You're going to need to cite that.

I'm not familiar with C23 or many of the compiler-specific extensions, but in all the previous versions I worked with, there is no type visibility other than "fully exposed" or opaque and dangerous (void*).

You could try wrapping your Foo in

typedef struct {
    Foo validated
} ValidFoo;

But nothing stops someone from being an idiot about it and constructing it by hand:

ValidFoo trustMeBro;
trustMeBro.validated = someFoo;
otherFunction(trustMeBro);

Or even just casting it.

Foo* someFoo;
otherFunction((ValidFoo*) someFoo);
[–] [email protected] 1 points 2 months ago (1 children)

Yes, this is like not checking an error code.

[–] [email protected] 2 points 2 months ago

That's not the point, though. The point is to use a nominal type that asserts an invariant and make it impossible to create an instance of said type which violates the invariant.
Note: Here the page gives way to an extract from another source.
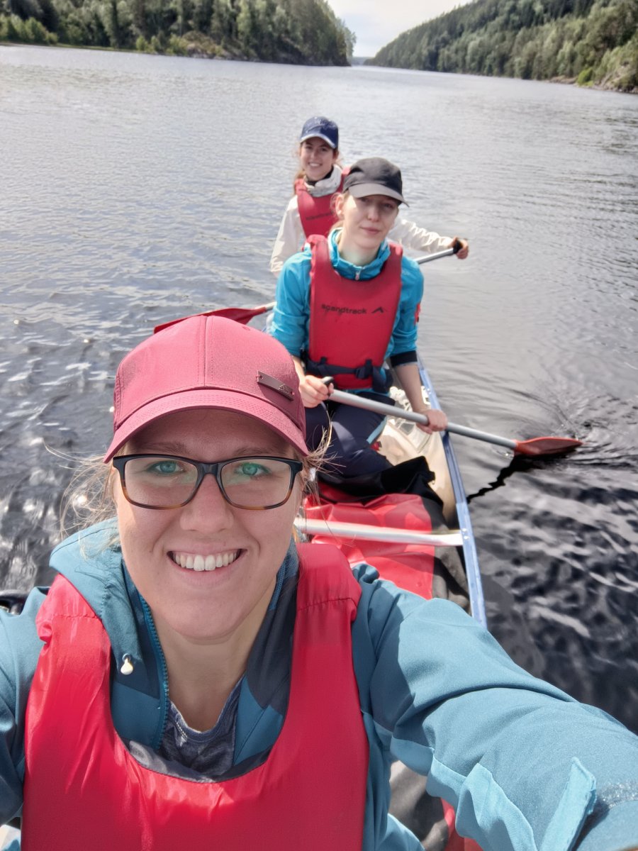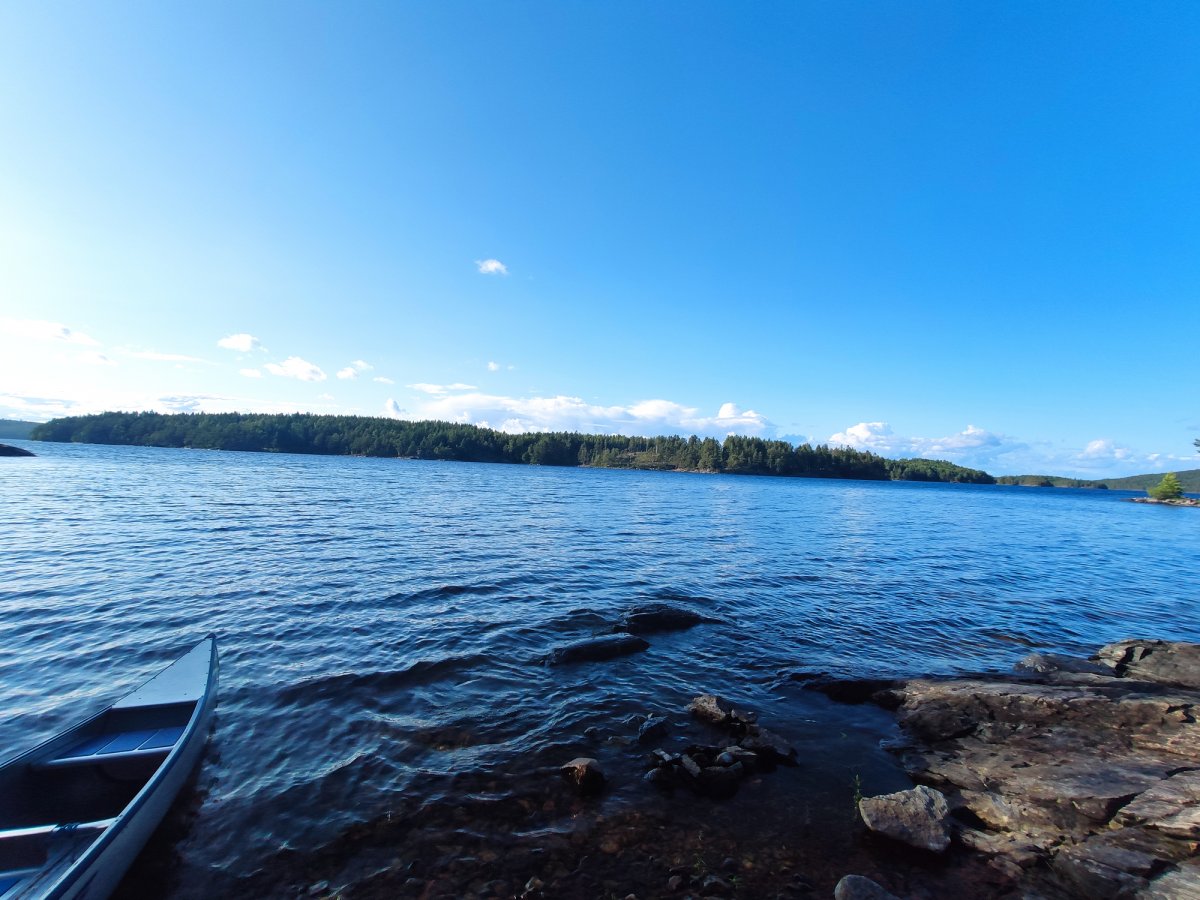 Tag zwei ist noch etwas regnerisch, daher planen wir nicht direkt eine große Kanutour ein. Ein kurzer Spaziergang zum Wald, schon haben wir Schüsseln voller Heidelbeeren und Himbeeren für das Frühstück gesammelt. Dann geht es am See entlang nach Lennartsfors, um ein Café zu finden, in dem es Zimtschnecken gibt. Am Abend können wir sogar schon unsere erste Runde mit dem Kanu drehen und sind sofort angefixt. Es macht richtig Spaß, über den See zu paddeln und die Landschaft am Ufer zu bewundern.
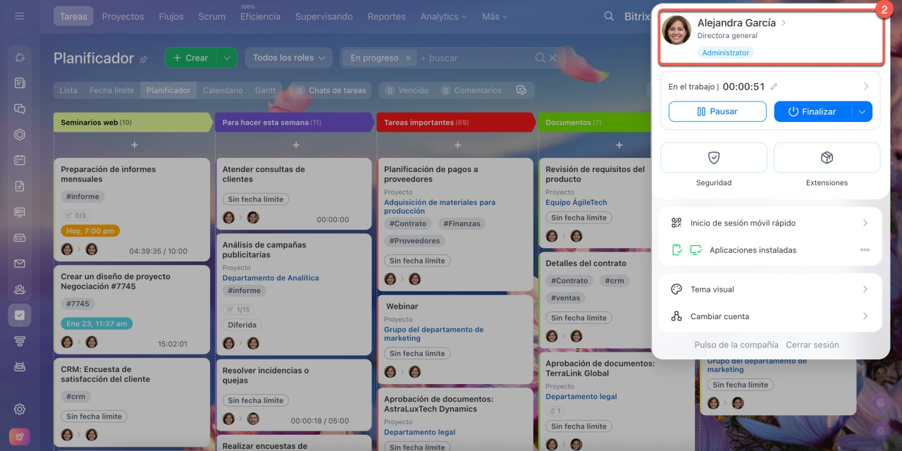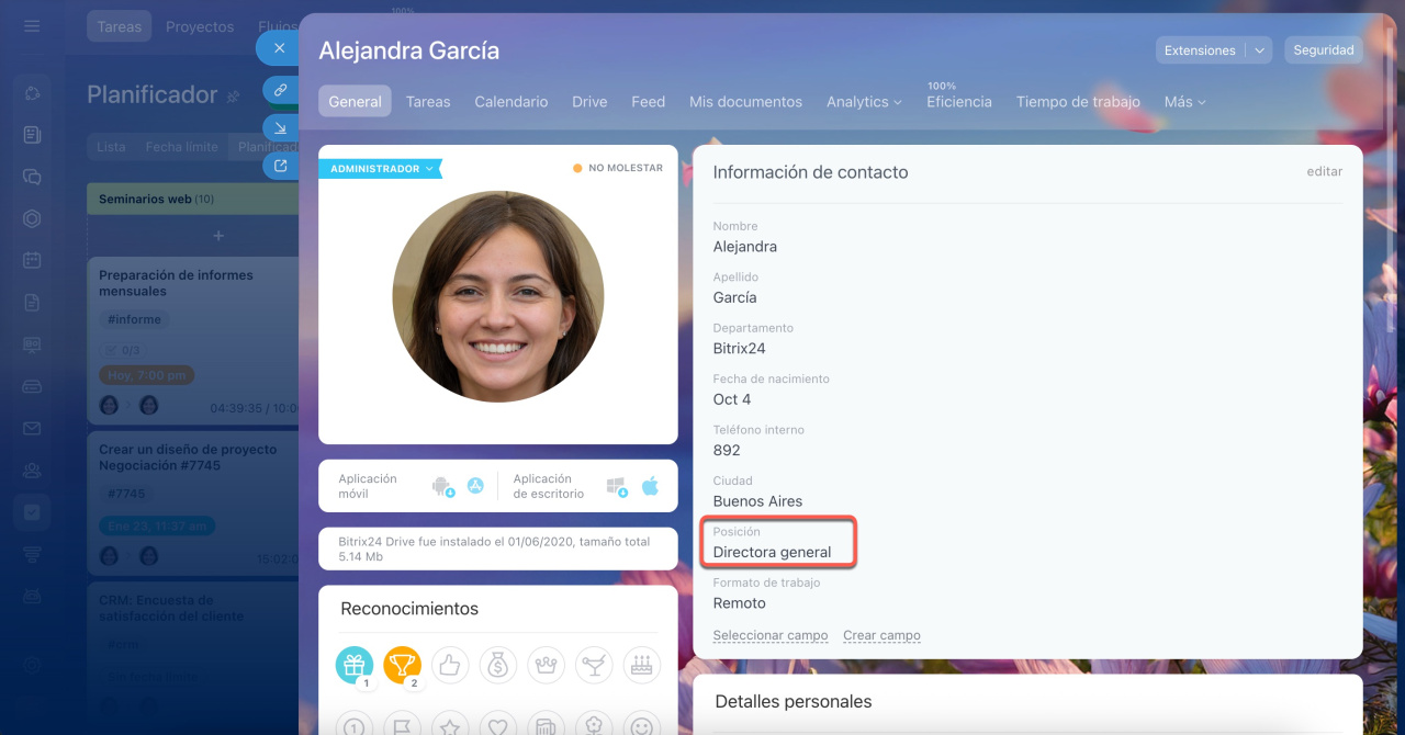 En Bitrix24, cada empleado cuenta con un perfil personal y un widget. El perfil muestra información básica como departamento, puesto, contactos e intereses. Desde el widget, se puede gestionar la cuenta personal: cambiar la contraseña, modificar el tema de diseño, entre otras opciones. A continuación respondemos las preguntas más frecuentes sobre el perfil y el widget del empleado.

Both validation functions and refinement types put the onus on the caller to ensure they're not passing invalid data around, but only refinement types can guarantee it. Humans are fallible, and it's easy to accidentally forget to put a check_if_valid() function somewhere or assume that some function earlier in the call stack did it for you.

With smart constructors and refinement types, the developer literally can't pass an unvalidated type downstream by accident.